This is the third in a five-part series about the value of verse in the 21st century. Read the first two installments here and here.

My friend and fellow graduate student David, often taken to coining ridiculous academic terms to help us talk about poetry, has come up with "the economy of attention" to address the following situation: how can a poem stake its claim to you, the reader (read: consumer), when a) there are so many cultural objects already in circulation, and b) there are so many poems? Because in the economy of attention, there is only so much space.

In this post, I'll examine a movement (and cluster of writers) that tackles (intentionally or not) the problem head on: flarf.

What is flarf? Well, as a movement that defines itself, in the dadaist tradition, as "something it's not," I'd be smart to approach this obliquely. Read here and here if you want some background. In the meantime, I'll try to ease into a provisional definition through one of the things flarf does: meme-surfing. WTF? Exactly.

Take the memes with which we're assaulted (and pleasured) daily, spit them back in even more (is it possible?) ridiculous forms, and slap on a wacked-out, attention grabbing title--now you've got a flarf. Okay--but it's more complicated. A flarf poem might use a Google search (say, "Kitty" + "Pizza") and collage the results to form a poem; a flarf poem isn't afraid (mimicking our other popular and news media) to go to the lowest common denominator (see Sharon Mesmer's "Annoying Diabetic Bitch", "Jake Gyllenhall's dog"); a flarf poem rejects poetic over-seriousness!, tossing out tired notions of epiphany (poem-as-discloser-of-elevated-wisdom) and New-Critical (or Poundian) "formal tightness." These aren't poems in search of greatness; in flarfist terms: these poems suck!

And for this reason, I think, we're more likely trust them. In the age of "fair and balanced" media, Flarf is the Jon Stewart of the poetry world. When William Carlos Williams lamented, "It is difficult to get the news from poems, yet men die miserably every day for lack of what is found there"...maybe he should have thought of throwing in a couple poop jokes.

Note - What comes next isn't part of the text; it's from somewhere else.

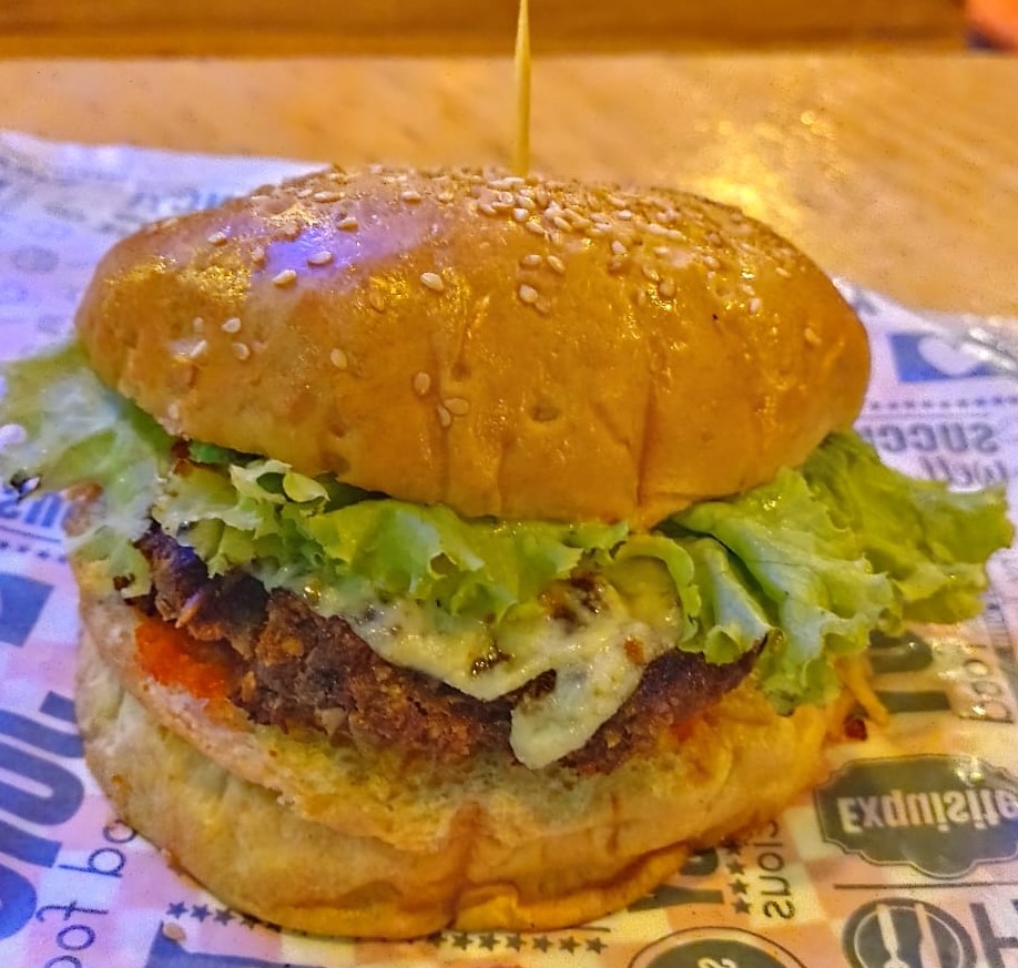 Pan Artesanal tipo brioche, carne de Res, pollo, queso doble crema, jamon, cebolla, tomate. lechuga, papa chips y salsas de la casa.

And in fact, like the Daily Show, flarf's meme-surfing often takes the form of social critique, as in, to circle back to my last post, Drew Gardner's "Chicks Dig War."

Now, it's my thought here that this poem is at least as accessible--i.e. able to draw in and hold the attention of contemporary (esp. younger) readers--as Mary Oliver's "Wild Geese." And not without complication: in "Chicks Dig War," there are plenty of formal shenanigans and obscure references (Phallocentric chicks: / they dig guys with big wars). But it's charming, ridiculous, and, perhaps, harder to tune out from.

It's so romantic.
chicks dig war (especially chicks on the pill).
The experience is just magical.
Oh, and you can get a really awesome war on.
Chicks like a nice war.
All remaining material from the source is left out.